◆ What the task asks ◆
No pictures belong in the copy. Restate the rest of the data exactly.

◆ Data section ◆
=-=-=
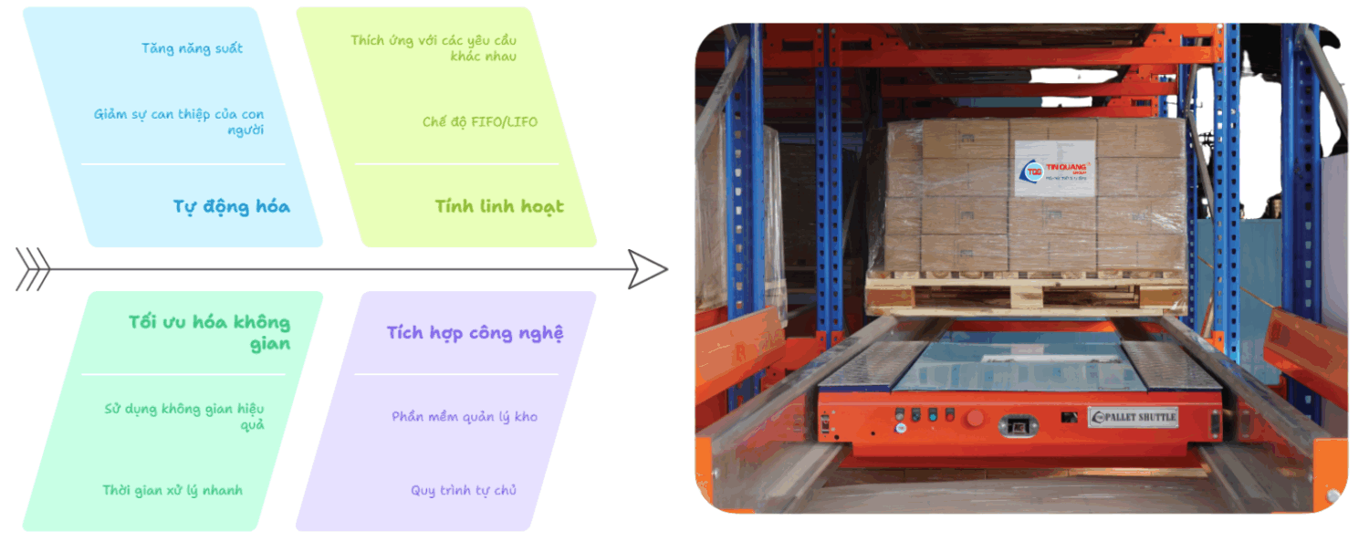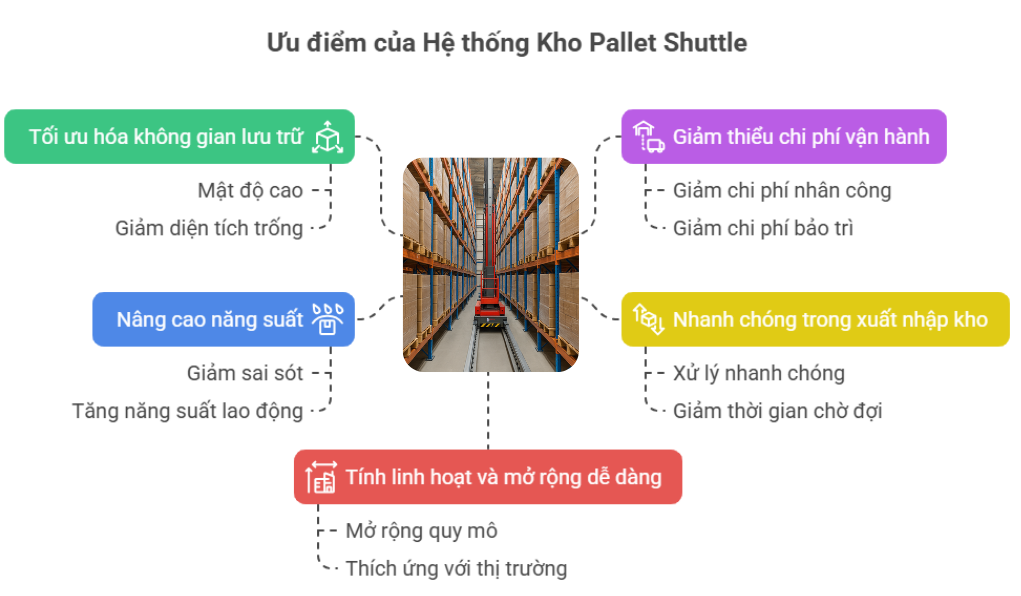 Ưu điểm của hệ thống Kho Pallet Shuttle
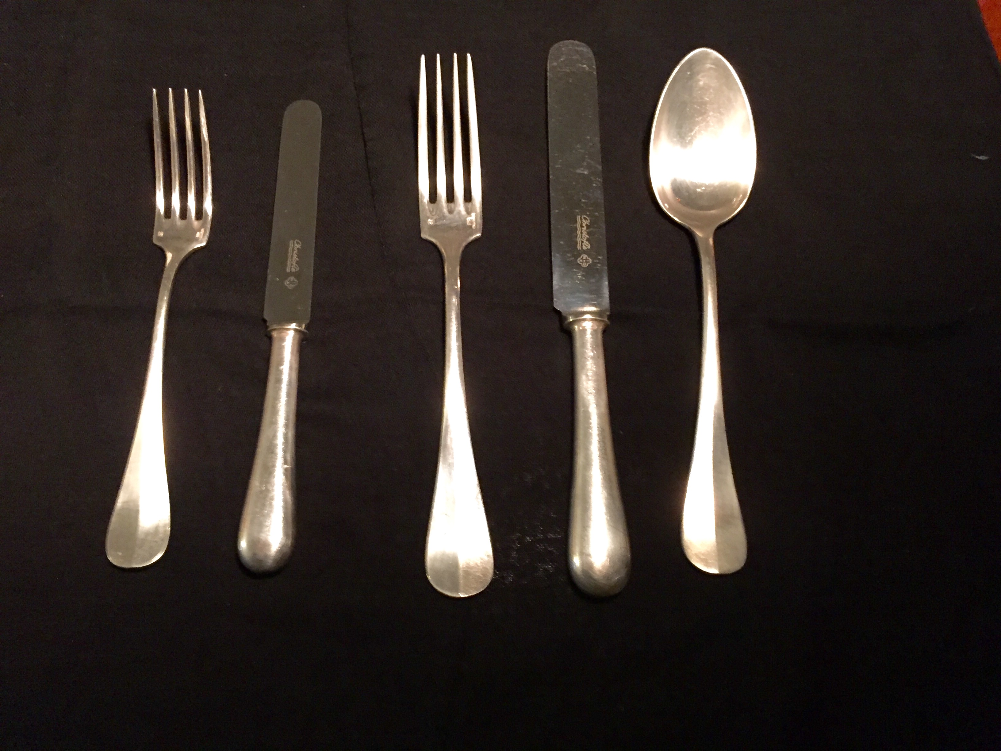 I own 610 pieces Christofle of France silver plated cutlery, Baguette pattern , which is a pattern used by Christofle between 1935 and 1983. The items I own were manufactured in the late 70's early 80's as I was informed by the last owner.
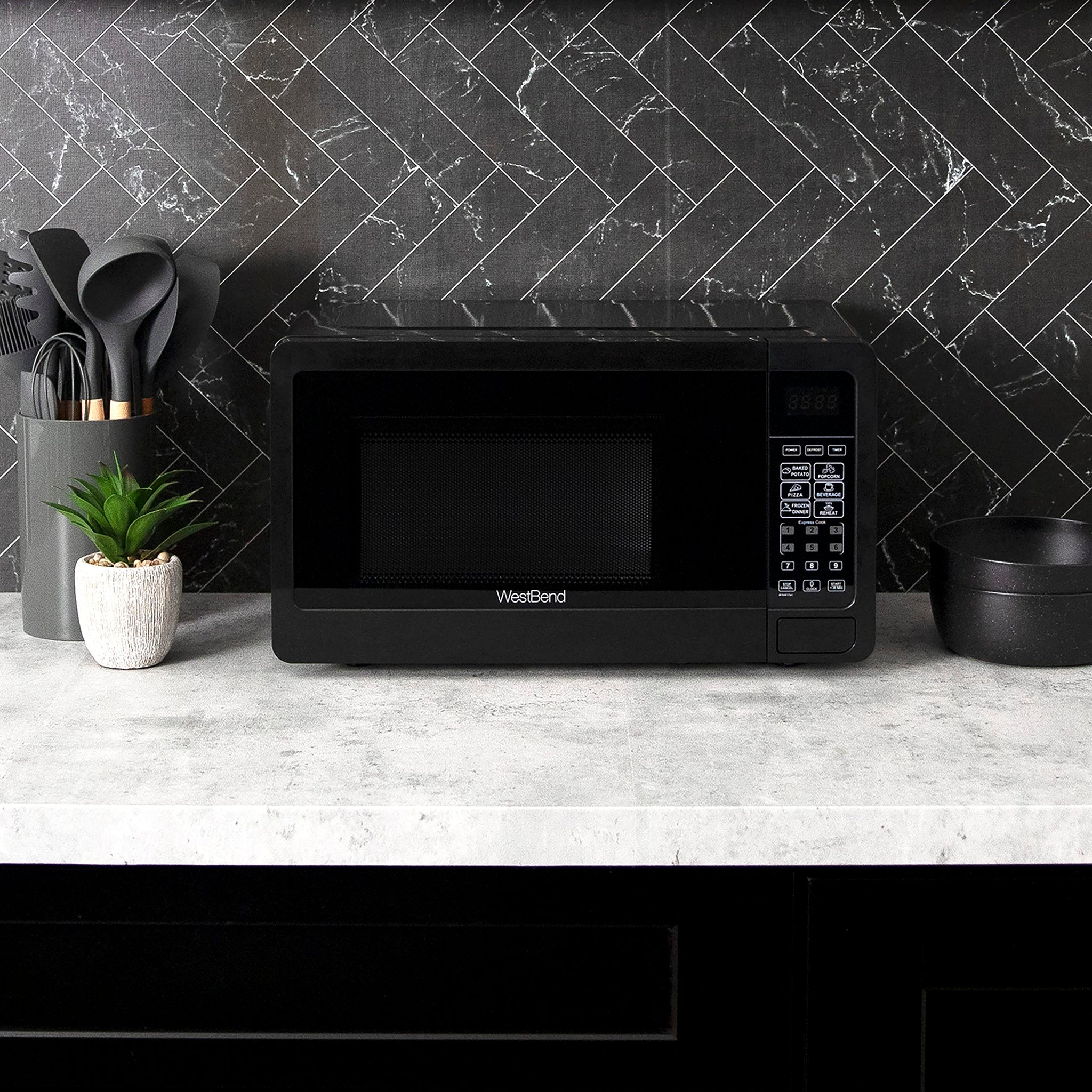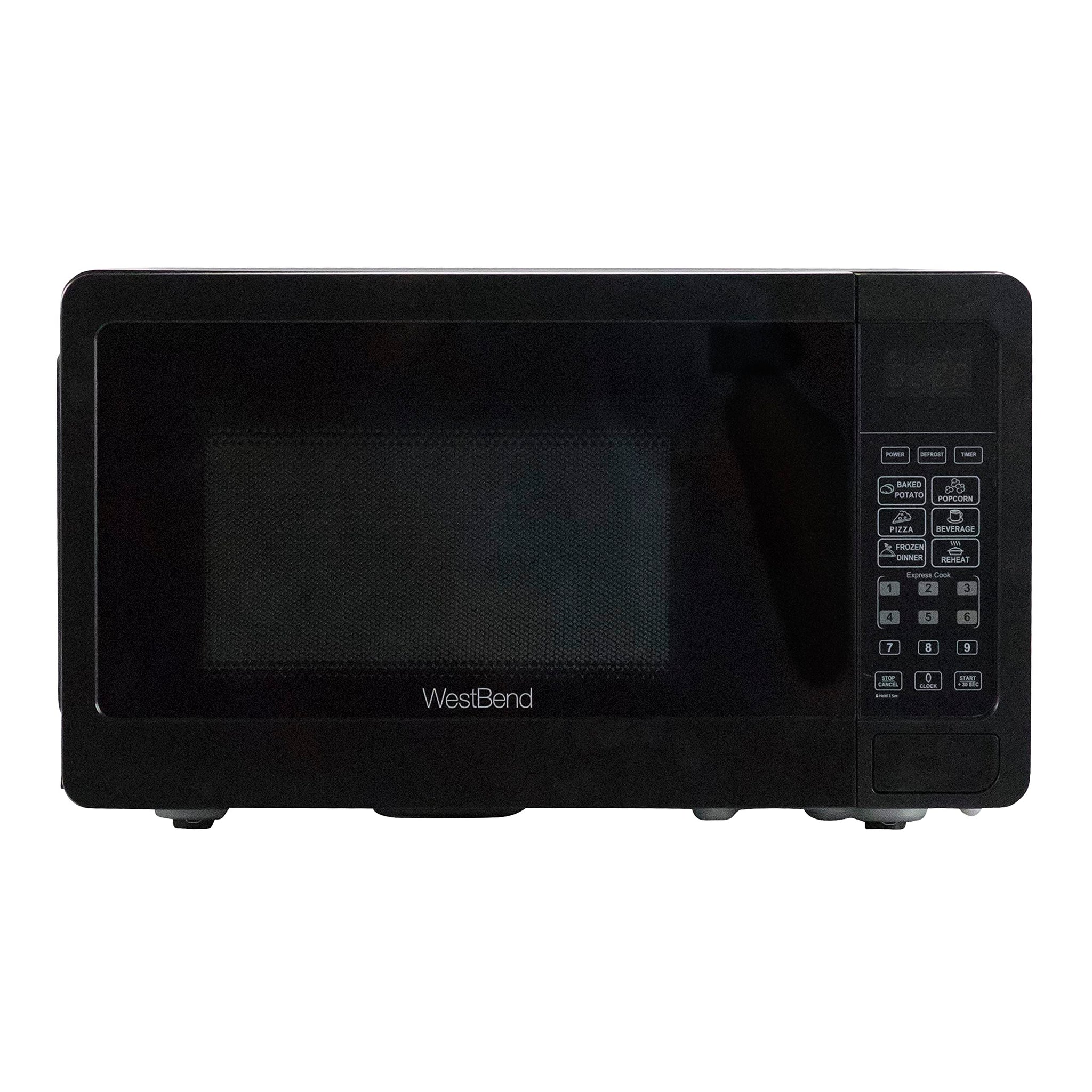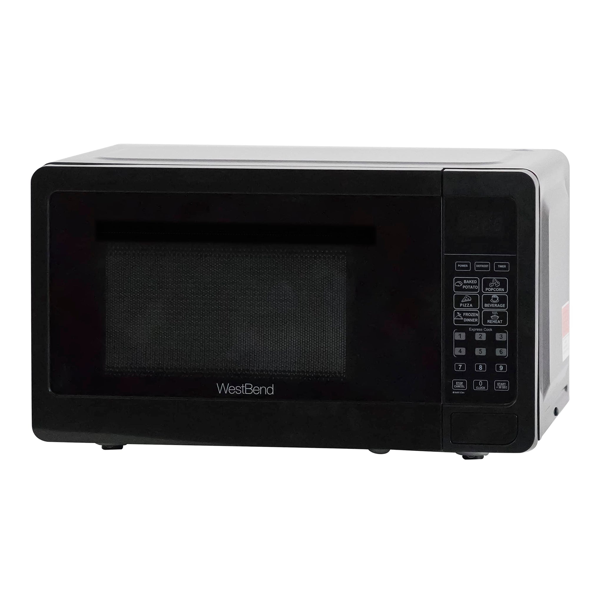 Details: Save counter space with this compact, 0.7 cubic foot and stainless steel microwave oven from West Bend. The perfect countertop microwave for the dorm, man cave, office, studio apartment, RV, tiny home, rental room, condo, vacation home, or anywhere you need to cook food fast. This small microwave features 700 Watts of cooking power, an electronic control panel, 6 pre-set cooking settings (baked potato, popcorn, pizza, beverage, frozen dinner, reheat), and a removable glass turntable all in its compact footprint that fits perfectly on the countertop.
=-=-=
◆ Exercise solution ◆
 Ưu điểm của hệ thống Kho Pallet Shuttle
 I own 610 pieces Christofle of France silver plated cutlery, Baguette pattern , which is a pattern used by Christofle between 1935 and 1983. The items I own were manufactured in the late 70's early 80's as I was informed by the last owner.
 Details: Save counter space with this compact, 0.7 cubic foot and stainless steel microwave oven from West Bend. The perfect countertop microwave for the dorm, man cave, office, studio apartment, RV, tiny home, rental room, condo, vacation home, or anywhere you need to cook food fast. This small microwave features 700 Watts of cooking power, an electronic control panel, 6 pre-set cooking settings (baked potato, popcorn, pizza, beverage, frozen dinner, reheat), and a removable glass turntable all in its compact footprint that fits perfectly on the countertop.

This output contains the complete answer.